Retour à la case départ pour l’ingénieur de la National Development Unit (NDU) Gurudev Hurry Bholah, qui reste sous le coup d’une arrestation par le Central CID. Sa demande pour une injonction n’a pas été entretenue favorablement lors d’une audience ce matin,  avec le juge Abdurrafeek Hamuth siégeant en référé. Dans cette enquête sur les contrats de Rs 569,7 millions de la NDU après les “flash floods” du 13 février 2013, le Chief Investigating Officer du Central CID a en effet soutenu que, cet exercice se déroulant sous le délit de “conspiracy” du code criminel, il n’y a aucun moyen de mettre un terme à l’interrogatoire du suspect.

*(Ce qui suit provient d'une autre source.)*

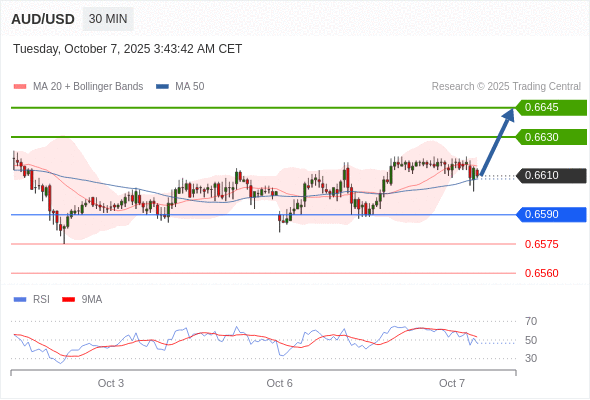 在 0.6590 之上,看涨,目标价位为 0.6630 ,然后为 0.6645 。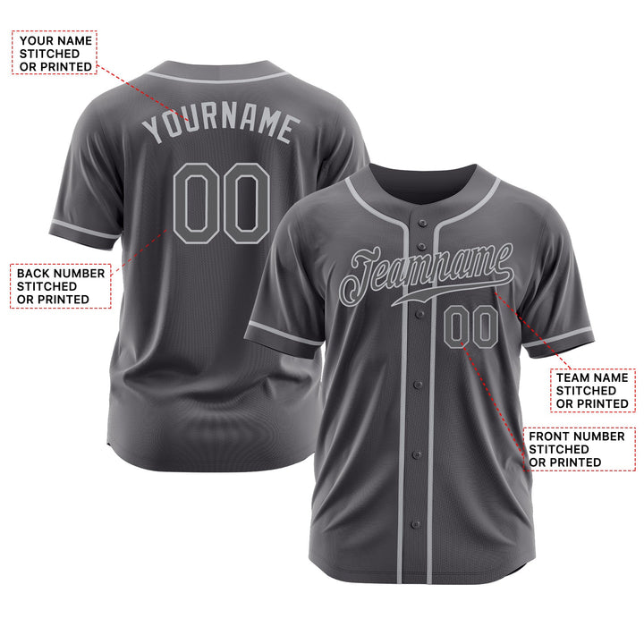 Custom Steel Gray Gray Classic Style Authentic Sports Baseball Jersey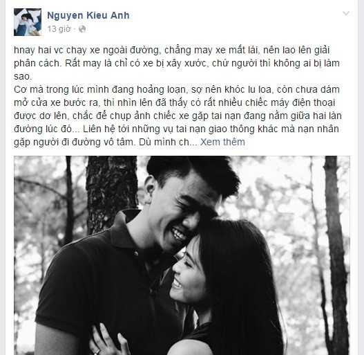 Trên trang cá nhân, Kiều Anh chia sẻ: "Hôm nay (13/3) hai vợ chồng chạy xe ngoài đường chẳng may xe mất lái lao lên giải phân cách. Rất may là chỉ có xe bị xây xước, người không bị làm sao".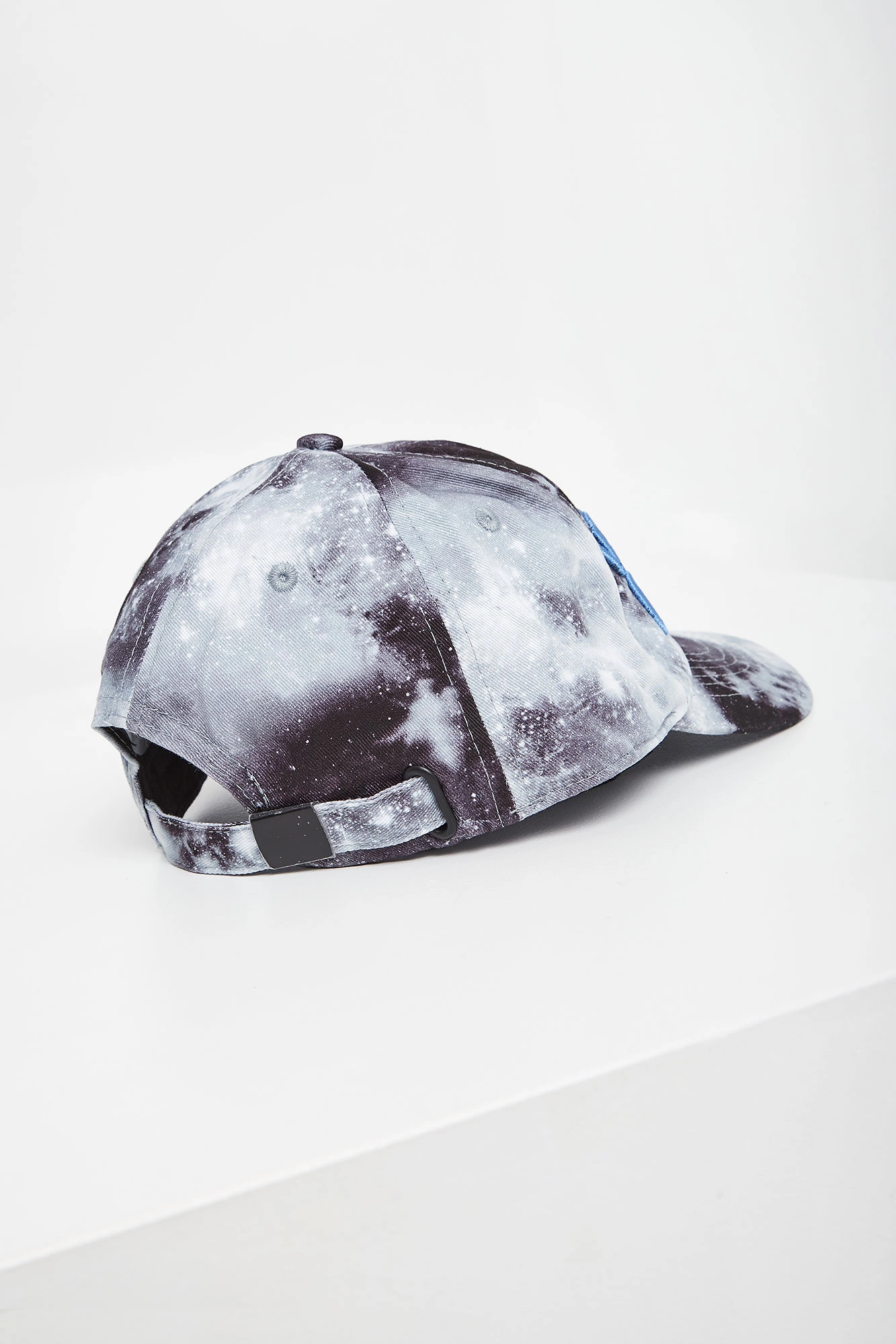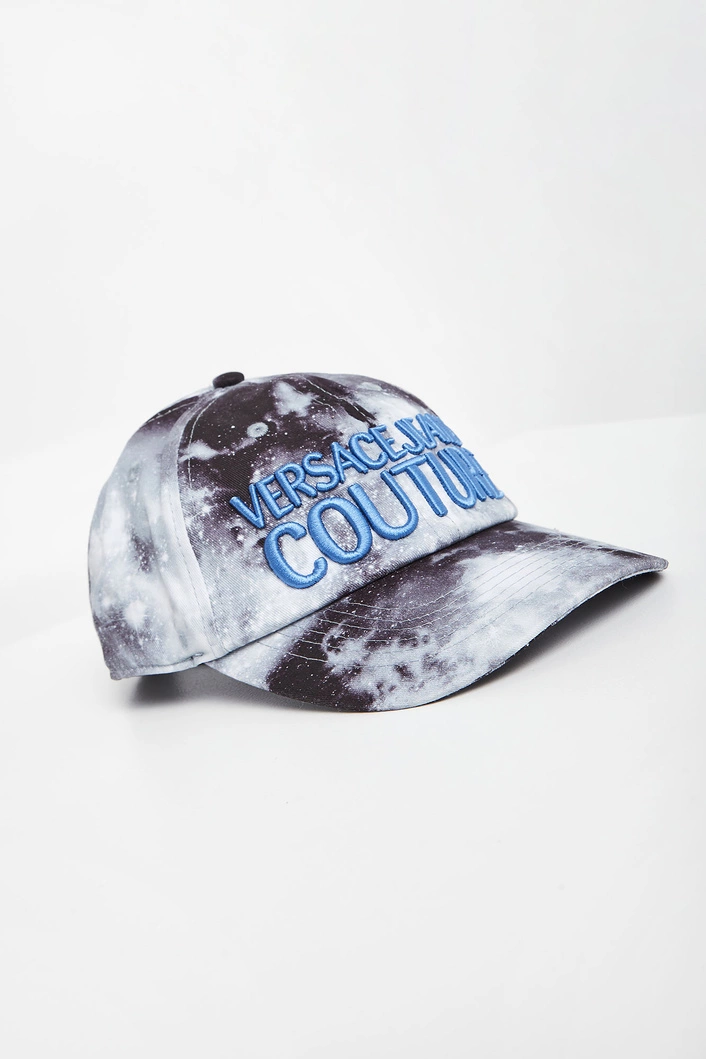 Czapka z daszkiem marki Versace Jeans Couture. Na całości czarno-szary nadruk z motywem galaktyki. Na froncie haftowane, niebieskie logo. Z tyłu regulowane zapięcie. Na całości przeszycia. Wykonana ze stuprocentowej bawełny.

Toutefois, la police a offert des garanties au juge Hamuth que tous les droits constitutionnels de l’époux de l’ancienne Private Parliamentary Secretary Prathiba Bholah seront respectés à la reprise de son interrogatoire. Depuis mercredi dernier, le dénommé Bholah a été admis à l’hôpital Jeetoo sous surveillance policière, menottes aux pieds, suite à l’exécution d’un mandat d’arrêt. Ce responsable de la NDU, qui avait été entendu le jeudi 29 octobre, avait rendez-vous avec le Central CID depuis vendredi dernier. Mais à chaque fois, il a présenté des certificats médicaux pour s’abstenir. Avec le développement de ce matin en Cour suprême, les enquêteurs du Central CID sont suspendus à la décision du médecin traitant de l’hôpital Jeetoo pour la décharge de Gurudev Bholah. Aussitôt cette décision confirmée, il sera emmené au QG du Central CID. Dans l’entourage de l’ingénieur Bholah, on s’attend à ce que cette étape soit franchie en début de semaine prochaine, ce qui ne semble pas être la thèse privilégiée aux Casernes centrales vu le délai accumulé à ce jour.

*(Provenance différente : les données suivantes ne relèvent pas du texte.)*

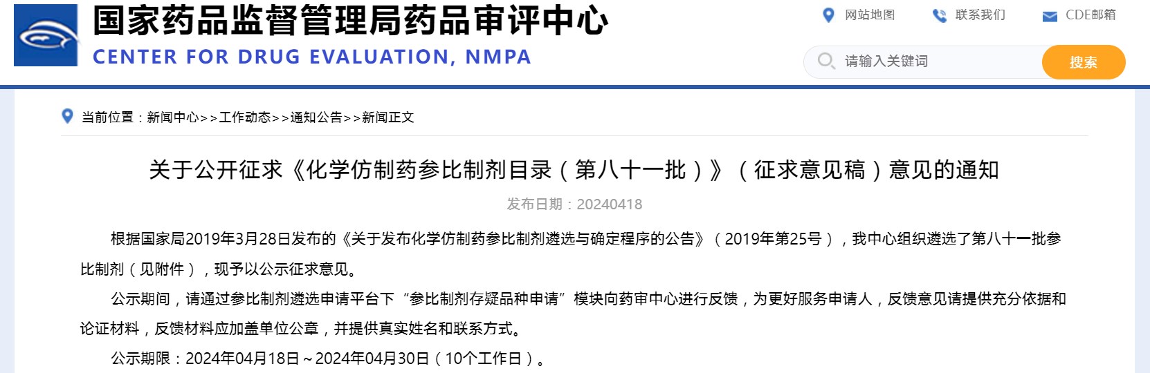 關(guān)于公開征求《化學(xué)仿制藥參比制劑目錄(第八十一批)》(征求意見稿)意見的通知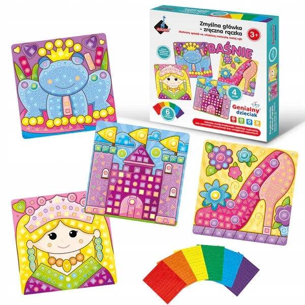 W zestawie znajdują się 4 obrazki – księżniczka, żabka, pałac i pantofelek, a także 6 arkuszy z kolorowymi naklejkami w kształcie kółka, trójkąta i kwadratu. Zadaniem dziecka jest dopasowanie kształtów w odpowiednie miejsca, aby stworzyć swoje piękne dzieło.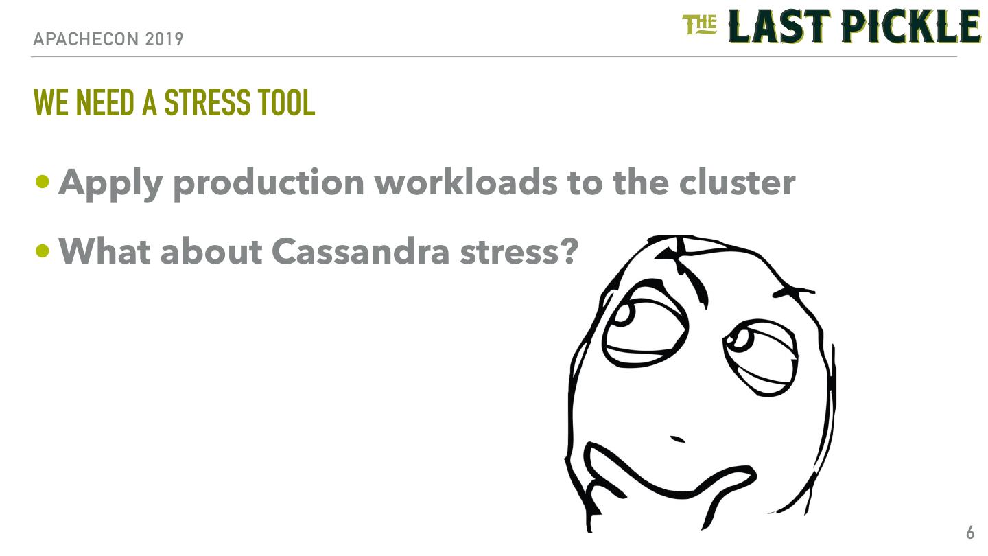 6 .APACHECON 2019 WE NEED A STRESS TOOL • Apply production workloads to the cluster • What about Cassandra stress? 6

L’enquête du Central CID vise à déterminer qu’il y a eu abus et violation de la clause 21 de la Public Procurement Act, qui stipule : « (1) a public body may purchase goods, other services or works from a single supplier without competition in cases of extreme urgency. (2) The scope of the emergency procurement shall as far as possible be limited to the period of the emergency, so that appropriate competitive procurement methods may be utilised at the conclusion of the emergency period. »

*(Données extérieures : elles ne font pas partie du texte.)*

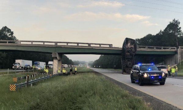 Тежка, но и куриозна катастрофа затвори натоварен път в американския щат Джорджия преди дни. Огромен самосвал се врязал в естакада на шосето I-16, като в резултат на удара пътното съоръжение се изместило с почти 2 метра (183 см). Инцидентът се е случил късно през нощта и за щастие няма пострадали.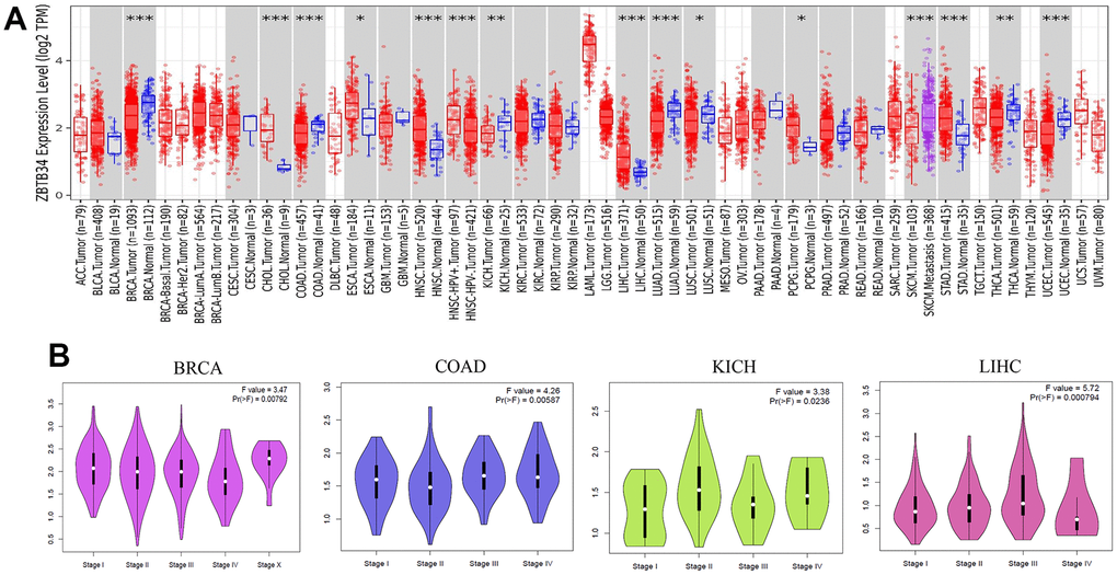 ZBTB34 was inputted in the TIMER2 web (http://timer.cistrome.org/). The expression difference of ZBTB34 between the tumor and adjacent normal tissues across different tumors was observed. Additionally, we used the “Pathological Stage Plot” module of the GEPIA2 web server (http://gepia2.cancer-pku.cn/#analysis) to obtain violin plots of the ZBTB34 expression in different pathological stages (stage I, stage II, stage III, and stage IV). The log2 [TPM (Transcripts per million) +1] transformed expression data were applied for the box or violin plots.

Les éléments à charge versés au dossier confirment que les instructions des séances du conseil des ministres des 15 et 22 février 2013 n’ont pas été respectées vu que le nombre de projets de réhabilitation “Post-Flashfloods” est passé de 45 à 69 et que les critères pour le choix des contracteurs sous les “Emergency Procedures” n’ont pas été respectés. L’ingénieur Bholah court le risque d’être le premier inculpé de la série sous “conspiracy” pour commettre des infractions sous la Public Procurement Act. Mais l’ancien vice-Premier ministre et ministre des Infrastructures publiques Anil Bachoo est également dans le collimateur.